§ **EXERCISE INSTRUCTIONS**
Using the data below, reproduce exactly the lines from the line with "Mengusung desain minimalis" to the line with "A la fecha, se", both included; pictures must be dropped.

§ **EXERCISE MATERIAL**
┌────────

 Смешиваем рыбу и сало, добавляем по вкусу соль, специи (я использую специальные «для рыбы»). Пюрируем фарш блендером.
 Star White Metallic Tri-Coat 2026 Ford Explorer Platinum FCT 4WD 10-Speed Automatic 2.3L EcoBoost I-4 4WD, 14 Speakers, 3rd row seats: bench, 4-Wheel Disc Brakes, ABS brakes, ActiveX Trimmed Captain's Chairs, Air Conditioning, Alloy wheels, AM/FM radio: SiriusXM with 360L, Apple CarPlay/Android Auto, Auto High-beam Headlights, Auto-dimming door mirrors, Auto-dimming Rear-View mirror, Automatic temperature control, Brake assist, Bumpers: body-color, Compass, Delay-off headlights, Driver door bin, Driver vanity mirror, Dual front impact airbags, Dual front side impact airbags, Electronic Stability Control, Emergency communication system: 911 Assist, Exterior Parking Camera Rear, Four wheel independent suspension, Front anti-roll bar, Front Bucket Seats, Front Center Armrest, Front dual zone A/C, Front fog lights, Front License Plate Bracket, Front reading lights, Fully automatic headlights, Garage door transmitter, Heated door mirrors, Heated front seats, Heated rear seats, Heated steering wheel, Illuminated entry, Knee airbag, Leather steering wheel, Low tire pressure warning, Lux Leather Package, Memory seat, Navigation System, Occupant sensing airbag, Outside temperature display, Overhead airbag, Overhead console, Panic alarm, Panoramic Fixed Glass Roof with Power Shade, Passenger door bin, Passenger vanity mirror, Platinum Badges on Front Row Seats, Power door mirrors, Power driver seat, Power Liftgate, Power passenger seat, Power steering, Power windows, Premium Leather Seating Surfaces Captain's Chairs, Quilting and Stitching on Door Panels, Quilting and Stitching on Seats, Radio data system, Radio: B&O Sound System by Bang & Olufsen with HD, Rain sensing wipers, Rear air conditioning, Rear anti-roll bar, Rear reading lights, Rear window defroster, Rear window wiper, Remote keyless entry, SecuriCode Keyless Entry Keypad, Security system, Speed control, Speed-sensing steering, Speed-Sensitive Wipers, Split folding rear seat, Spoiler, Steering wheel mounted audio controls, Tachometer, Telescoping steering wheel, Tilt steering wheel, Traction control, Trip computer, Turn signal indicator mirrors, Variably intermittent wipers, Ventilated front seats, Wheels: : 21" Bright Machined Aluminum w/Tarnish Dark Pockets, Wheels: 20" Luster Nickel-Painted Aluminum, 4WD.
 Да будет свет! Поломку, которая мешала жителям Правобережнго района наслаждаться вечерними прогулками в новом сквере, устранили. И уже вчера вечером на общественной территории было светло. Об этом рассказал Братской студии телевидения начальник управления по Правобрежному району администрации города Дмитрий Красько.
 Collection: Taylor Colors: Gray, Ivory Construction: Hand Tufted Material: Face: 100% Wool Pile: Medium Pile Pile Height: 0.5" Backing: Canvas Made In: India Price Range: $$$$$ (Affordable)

└────────
┌────────

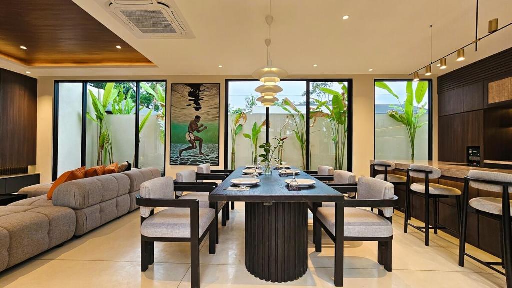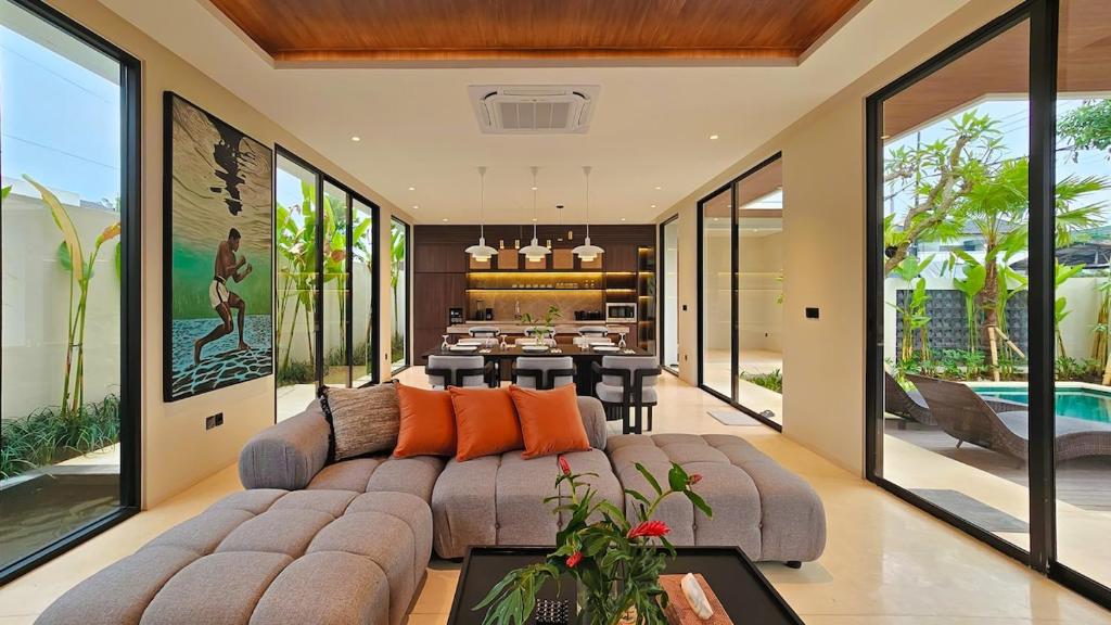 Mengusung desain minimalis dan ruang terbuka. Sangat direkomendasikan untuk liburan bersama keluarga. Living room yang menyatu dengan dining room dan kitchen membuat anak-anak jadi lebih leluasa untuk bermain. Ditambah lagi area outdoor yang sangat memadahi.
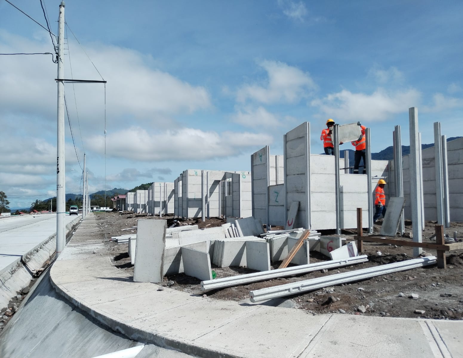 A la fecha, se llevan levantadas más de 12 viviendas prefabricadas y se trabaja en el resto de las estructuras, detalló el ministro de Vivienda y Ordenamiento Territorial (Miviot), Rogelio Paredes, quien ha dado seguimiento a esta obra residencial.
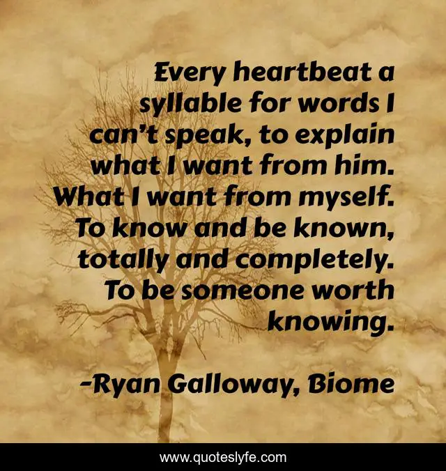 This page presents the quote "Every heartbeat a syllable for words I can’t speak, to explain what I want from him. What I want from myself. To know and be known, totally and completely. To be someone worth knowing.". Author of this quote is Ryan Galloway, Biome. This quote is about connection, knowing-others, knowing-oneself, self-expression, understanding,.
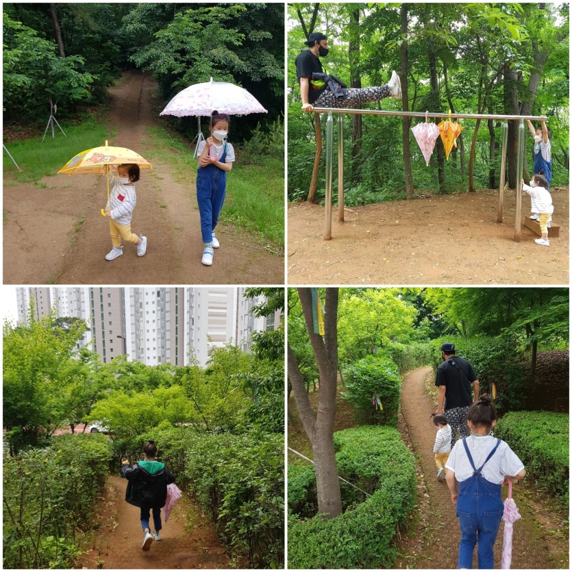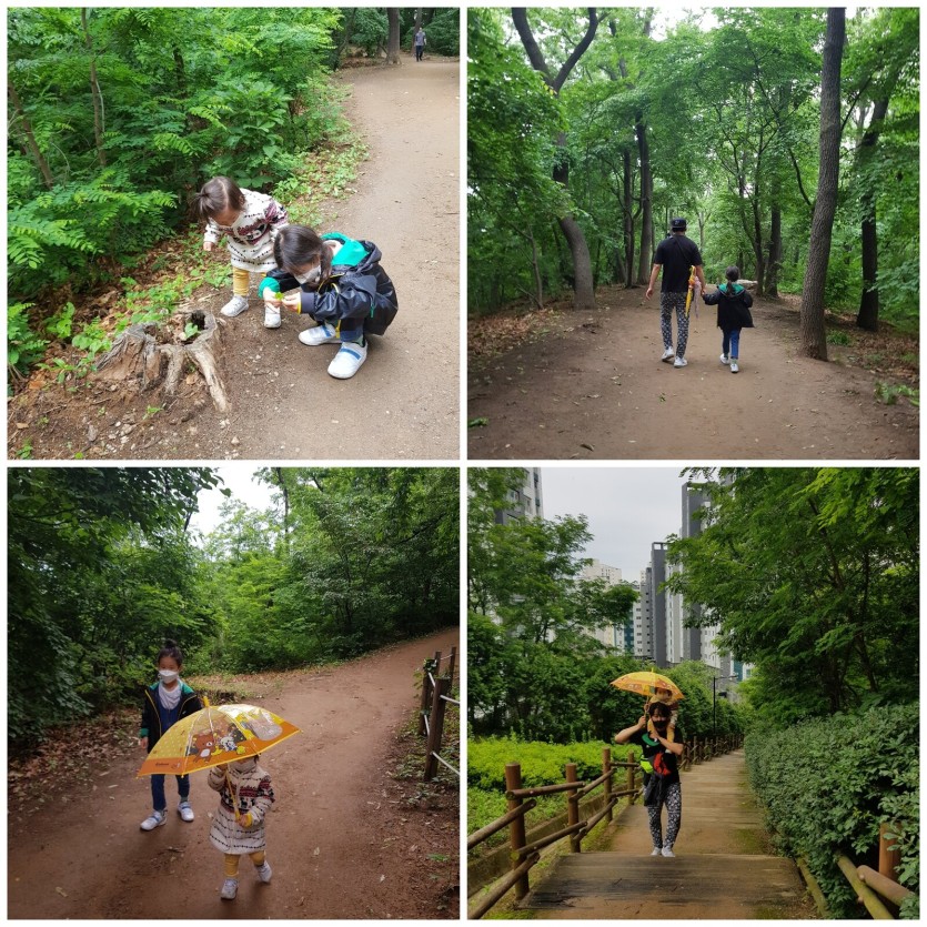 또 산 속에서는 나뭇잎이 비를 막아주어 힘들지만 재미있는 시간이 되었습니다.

└────────
┌────────

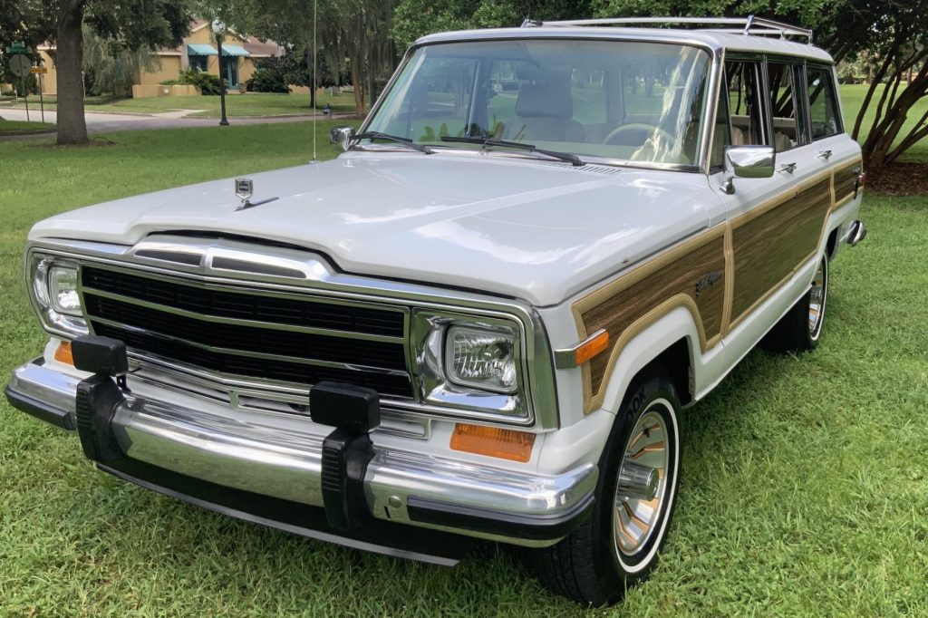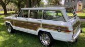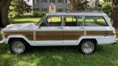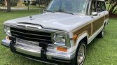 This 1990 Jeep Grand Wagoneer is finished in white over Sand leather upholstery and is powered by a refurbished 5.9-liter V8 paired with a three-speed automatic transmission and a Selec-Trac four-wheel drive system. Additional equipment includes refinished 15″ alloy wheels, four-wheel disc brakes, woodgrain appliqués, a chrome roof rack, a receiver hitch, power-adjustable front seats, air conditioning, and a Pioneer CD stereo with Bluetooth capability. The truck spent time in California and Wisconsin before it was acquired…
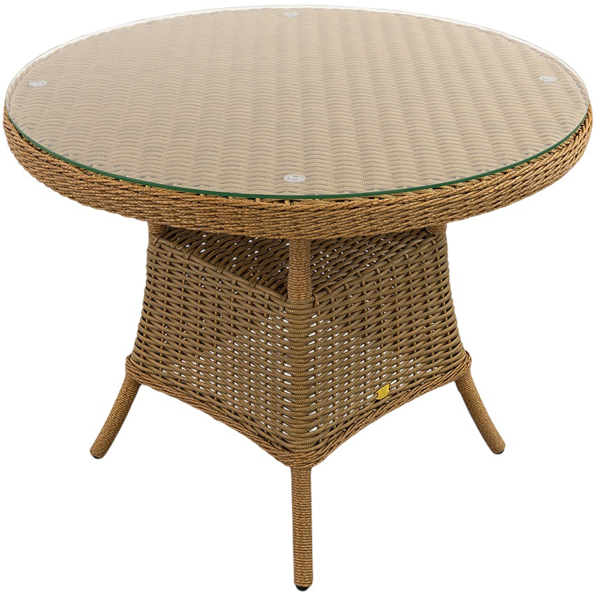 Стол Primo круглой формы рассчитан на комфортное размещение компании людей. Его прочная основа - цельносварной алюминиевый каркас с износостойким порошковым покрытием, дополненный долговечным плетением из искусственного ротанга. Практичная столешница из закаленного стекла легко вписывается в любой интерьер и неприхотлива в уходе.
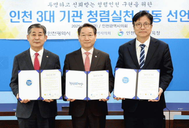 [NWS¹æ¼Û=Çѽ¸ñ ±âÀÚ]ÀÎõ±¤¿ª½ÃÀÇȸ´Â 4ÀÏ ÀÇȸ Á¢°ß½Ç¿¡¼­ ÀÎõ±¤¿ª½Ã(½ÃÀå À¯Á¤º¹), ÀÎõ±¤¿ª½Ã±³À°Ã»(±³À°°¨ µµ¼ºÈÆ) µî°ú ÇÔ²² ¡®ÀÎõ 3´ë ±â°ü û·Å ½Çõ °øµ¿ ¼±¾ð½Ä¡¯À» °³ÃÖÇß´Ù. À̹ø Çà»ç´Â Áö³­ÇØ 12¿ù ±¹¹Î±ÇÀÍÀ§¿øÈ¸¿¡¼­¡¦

└────────

§ **WRITTEN SOLUTION**
 Mengusung desain minimalis dan ruang terbuka. Sangat direkomendasikan untuk liburan bersama keluarga. Living room yang menyatu dengan dining room dan kitchen membuat anak-anak jadi lebih leluasa untuk bermain. Ditambah lagi area outdoor yang sangat memadahi.
 A la fecha, se llevan levantadas más de 12 viviendas prefabricadas y se trabaja en el resto de las estructuras, detalló el ministro de Vivienda y Ordenamiento Territorial (Miviot), Rogelio Paredes, quien ha dado seguimiento a esta obra residencial.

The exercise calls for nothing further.